Segment Start: Records for the exercise
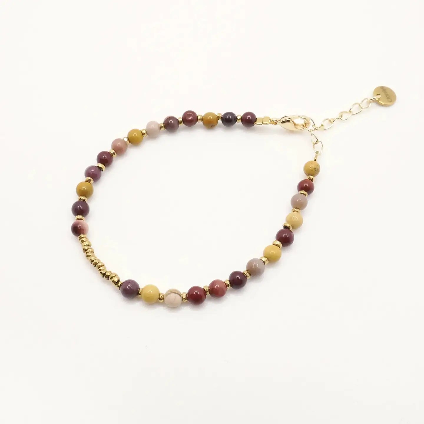 Laissez-vous séduire par le bracelet Alix, un bijou délicat composé de pierres naturelles soigneusement sélectionnées. Ses perles rondes en Mokaïte d’Australie, aux nuances chaudes de brun, ocre et mauve, sont associées à de mini perles en Hématite dorée, apportant éclat et élégance. Un bracelet fin, équilibré et facile à porter au quotidien.
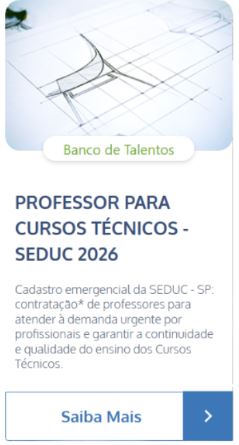 BANCO DE TALENTOS – PROFESSOR PARA CURSOS TÉCNICOS – 2026 A SEDUC-SP mantém um cadastro emergencial para a contratação* de professores para atuar nas turmas dos Cursos Técnicos, com o objetivo de atender às demandas urgentes por profissionais, garantindo a continuidade e a qualidade do ensino.Serão considerados elegíveis os profissionais com formação na área do curso ou que comprovem Notório Saber, por meio de experiência profissional significativa na área de conhecimento relacionada. *A contratação está sujeita à disponibilidade de vagas após a conclusão dos processos regulares de Atribuição de Aulas para professores efetivos e classificados nos processos seletivos simplificados. Consulte os Planos dos Cursos Técnicos e verifique se você está apto a lecionar, considerando sua formação acadêmica e experiência profissional. Planos dos cursos Técnicos: clique aqui As aulas dos cursos técnicos são ministradas, predominantemente, no período matutino e vespertino (entre 7h e 16h). Requisitos – (MÍNIMO) FORMAÇÃO NAS ÁREAS DOS CURSOS ACIMA ESPECIFICADOS OU QUE DEMONSTREM NOTÓRIO SABER NA ÁREA DE CONHECIMENTO, COMPROVANDO SIGNIFICATIVA EXPERIÊNCIA PROFISSIONAL NO CURSO EM QUESTÃO
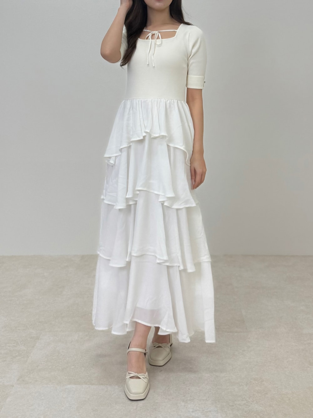 MISCHMASCH EC(アパレル本部)のワンピース「2026春夏新作 ZOZO限定アイテム フロントリボンティアードフリルロングワンピース」を使ったコーディネート
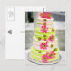 Whimsical and cheerful four-tiered, pink and green, traditional wedding cake adorned with flowers. Photo by Corey Balazowich
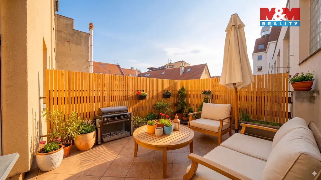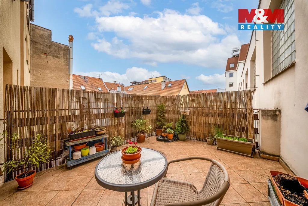 K bytu náleží terasa o velikosti 16,5 m², která je přístupná přímo z obývacího pokoje a je orientována na západ do klidného vnitrobloku. Součástí bytu je také velký sklep o ploše 10 m².
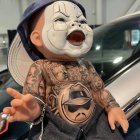 A cute baby with a serious expression sports a stylish hat and a t-shirt with a skull design, sitting in front of a car with an intriguing background of colorful signs.
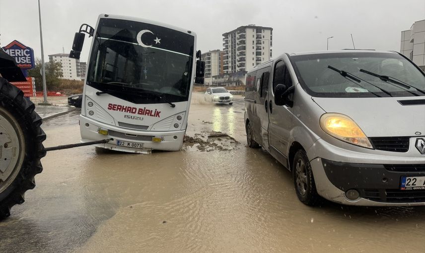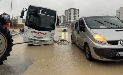 Edirne'de, son günlerde etkili olan şiddetli sağanak yağış nedeniyle yolda çökme olayı yaşandı. Bu durum, bir yolcu minibüsünün çukura girmesine ve aracın hasar görmesine yol açtı.
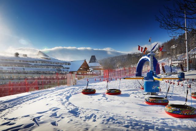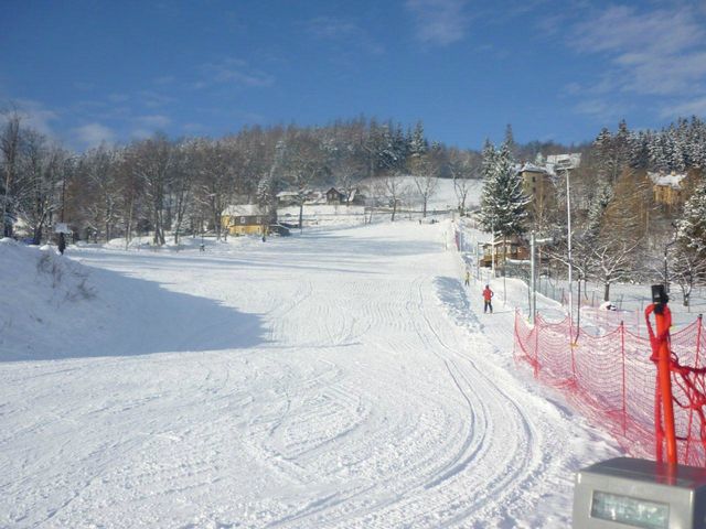 It offers skiers a 400 m long ski slope, which is illuminated and artificially snowed.
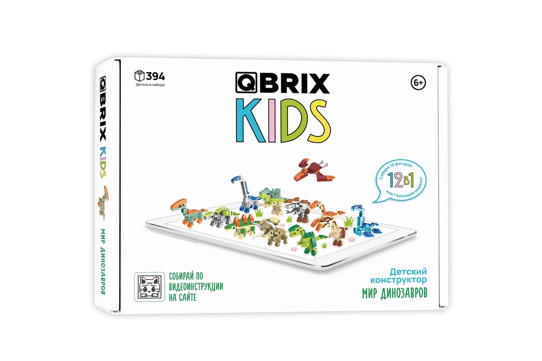 QBRIX KIDS — серия ярких детских конструкторов о мире животных, роботах, машинках и не только. В наборе «Мир динозавров» ребёнка ждут: Плезиозавр, Анкилозавр, Трицератопс, Стегозавр, Брахиозавр, Паразауролоф, Дилофозавр, Велоцираптор, Теризинозавр, Птерозавр, Спинозавр, Тираннозавр и Большой Тираннозавр Рекс. Ребёнок может собрать либо 12 маленьких животных, либо 1 большого с помощью понятной видеоинструкции с интересными фактами о каждом из них. Видеоинструкции можно смотреть с любого устройства: телефона, планшета или компьютера. Также в каждый набор вложены бумажные инструкции с понятными схемами сборки. Конструктор изготовлен из качественного ABS пластика, поэтому совершенно безопасен для детей. Страна-производитель Китай
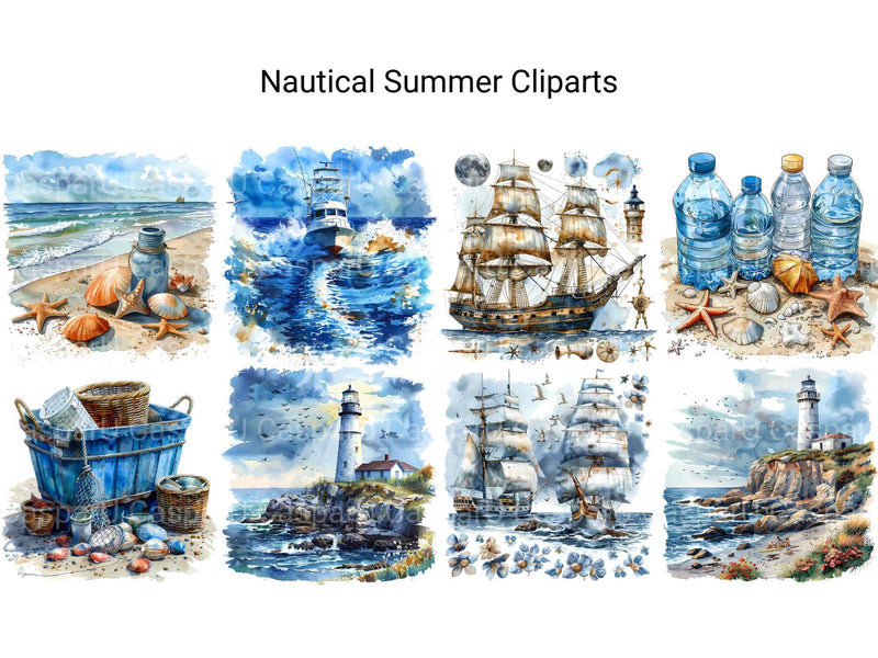 Sail into summer with our Nautical Summer clipart, featuring charming illustrations of boats, anchors, and seaside scenes. These designs capture the spirit of the ocean and coastal living, perfect for creating a relaxed and maritime summer vibe.
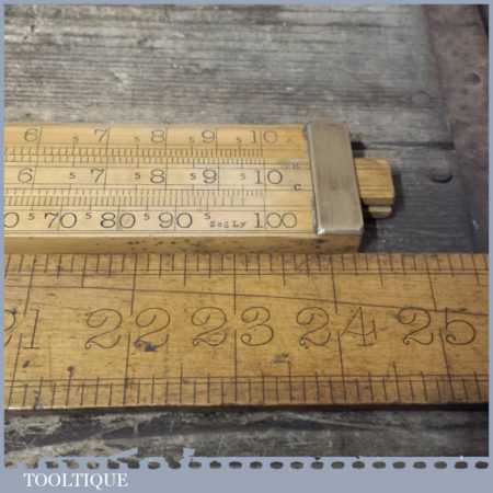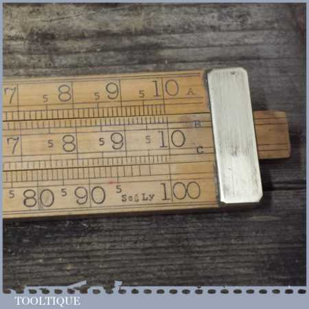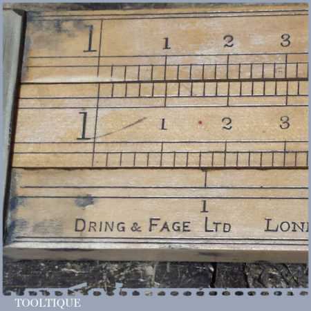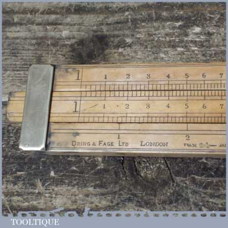Rare 24” antique Dring & Fage of London alcohol slide rule. This rule is single sided with just four scales: A {B,B} Seg Ly. Boxwood with brass end bands.
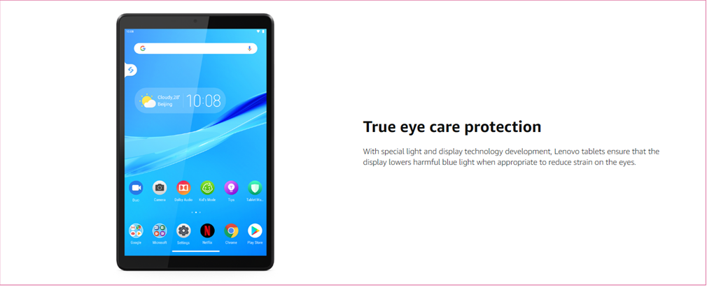 Running on the Android™ 9 Pie™ operating system, the Lenovo Tab M8 is quick and adaptive, letting you enjoy your favorite apps with ease. This Android tablet also includes special light and display technology for true eye care protection, lowering harmful blue light when appropriate to reduce strain on the eyes. Slim and lightweight, the Tab M8 is the tablet device that everyone wants to have.
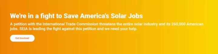 圖片內(nèi)容:為了挽救美國太陽能行業(yè),我們正在奮斗。這份提請威脅到美國太陽能行業(yè)26萬個工作機會,太陽能行業(yè)協(xié)會正奮力反對,我們需要你的幫助。
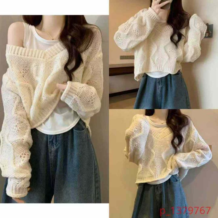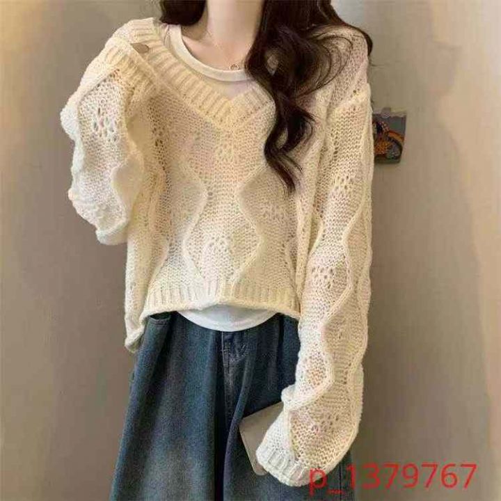 别致镂空短款早春秋宽松针织毛衣上衣,独立包装,均码,260件,清6.5,分➕1 _@_@
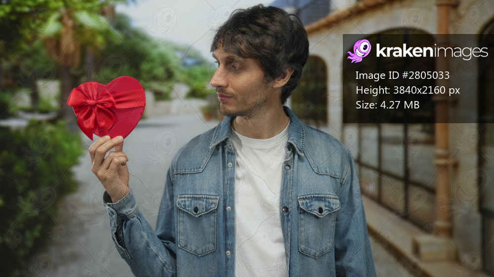Man holds red heart shaped gift box on busy street playfully pointing finger to box; heartbreak despair.
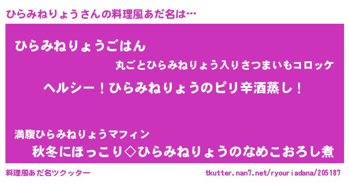 | 意味不明あだ名 | 『自称ひらみねりょう』 |
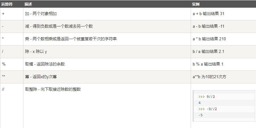 4.1算数运算符(以下假设变量a为10,变量b为21)
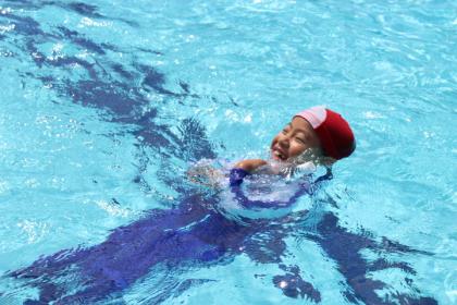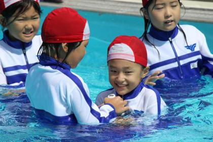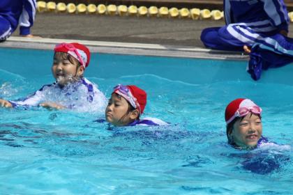 写真上:顔をあ上げ、平泳ぎで。泳げないよう。
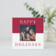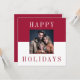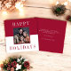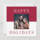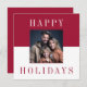 Design moderno minimalista de blocos coloridos apresentando um modelo de foto no qual você pode adicionar sua bela foto, com o vermelho no topo e o branco do fundo com texto simples moderno dizendo feliz e opisitado no fundo dizendo feriados em vermelho sobre fundo branco no topo também todos os detalhes em uma simples fonte moderna em preto no reverso se você tem algum problema com este design ou gostaria dele em outros coloways por favor entre em contato com janine em minhas lojas zazzle botão de mensagem no estúdio de primavera de willow.
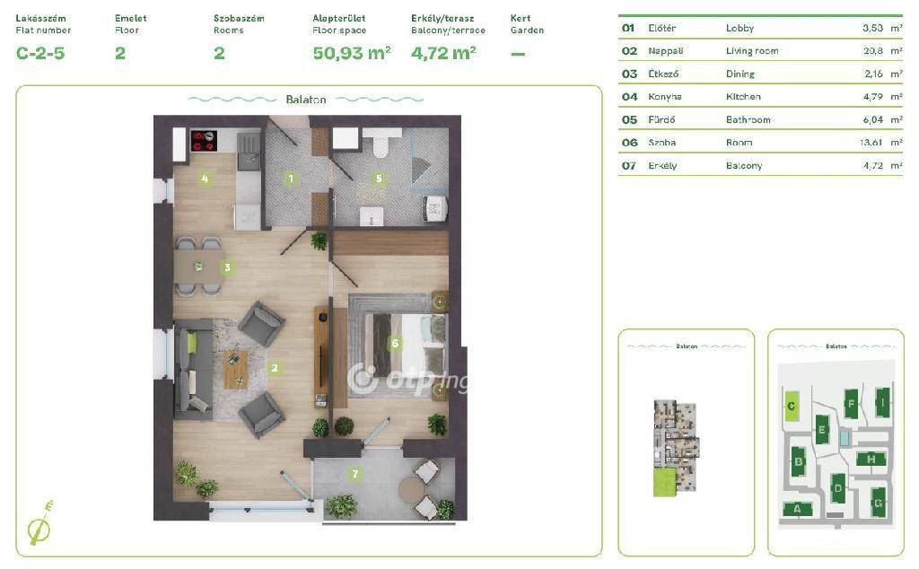 Balaton Déli part, Balatonszemes, közvetlen vízparti, 53 m2 lakás eladó. Az ingatlan a Balaton egyik legszebb vízparti lakóparkjában, természetes zöld környezetben található. A környezettudatosan épült, panorámás kilátást nyújtó, modern épületek esztétikailag és a fenntarthatóság szempontjából is kiemelkedőek, egyszerre biztosítják a kényelmes otthont és a balatoni életstílust. A különböző lakástípusok lehetőséget adnak arra, hogy minden lakó megtalálja a számára tökéletes otthont, akár az Otthon Start Hitelprogram keretében is. A földszinti lakások terasszal és kertkapcsolattal rendelkeznek, az épületek felső emeletén penthouse lakás került kialakításra. Ehhez az 51 m2-es 2. emeleti lakáshoz kis tároló és egy 5 m2-es erkély tartozik. A lakópark nem csak elhelyezkedése miatt egyedi, minden egyes lakás a legújabb intelligens technológiával, magas minőségű és igényes alapanyagokkal, prémium extrákkal kerül kialakításra. Egyszerre komfortosak és energiahatékonyak: elektromos redőnyök, szúnyogháló, egyedileg vezérelhető hőszivattyús, fan-coilos hűtési és fűtési rendszer, okosotthon rendszer, beléptető rendszer, riasztórendszer. Az ingatlan értékét növelik a következő szolgáltatások: a területen kialakított gondnoki, üzemeltetési iroda; zöldterületbe illesztett játszótér; zárt, privát vízpart több, mint 130 méteren; partmenti stég; közel 120 m2 vízfelületű strandmedence 16 m2-es gyermekpancsolóval; automata öntözőhálózat a lakóépületek közötti zöldfelületek öntözésére. OTP Ingatlanpont és Pénzügyi Pont irodánk teljeskörű támogatást nyújt az ingatlan kiválasztásával, megvételével, biztosításával és finanszírozásával, akár egyedi kedvezményes hitelekkel, befektetési lehetőségekkel kapcsolatban is. Bővebb információért keressen telefonon!
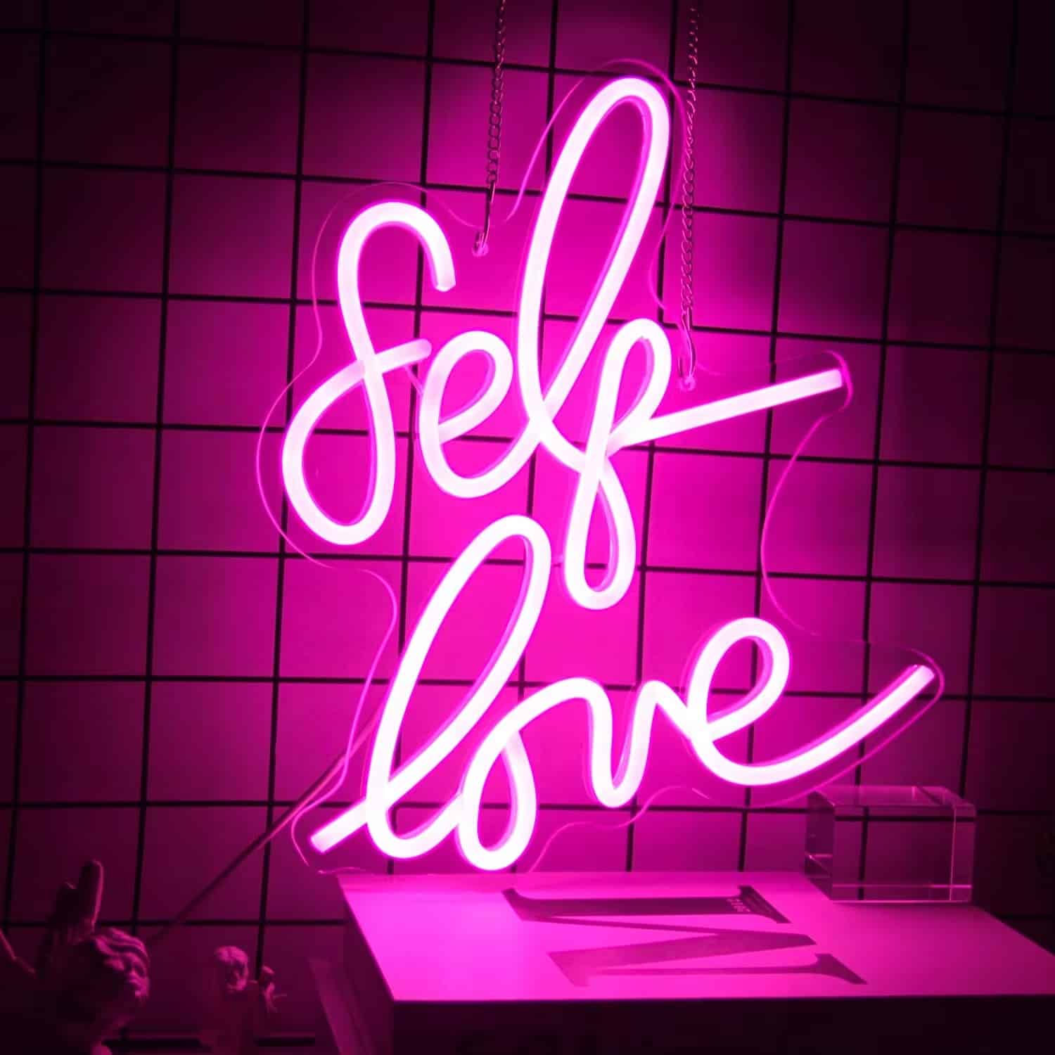 Ce néon rose vif affiche les mots “Self Love” en écriture manuscrite élégante, répartis sur deux lignes distinctes.
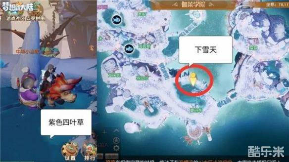 奇遇紫色四叶草:伽莱学院坐标79.118,天气为下雪,捡起地上的紫色四叶草完成任务。具体位置如下图:
Segment End: Records for the exercise
— Task requirements —
Please output the lines above beginning at the line with "意味不明あだ名 | 『自称ひらみねりょう』 |" and ending after the line with "写真上:顔をあ上げ、平泳ぎで。泳げないよう。", precisely as written and with no pictures.

— Solution to the exercise —
 | 意味不明あだ名 | 『自称ひらみねりょう』 |
 4.1算数运算符(以下假设变量a为10,变量b为21)
 写真上:顔をあ上げ、平泳ぎで。泳げないよう。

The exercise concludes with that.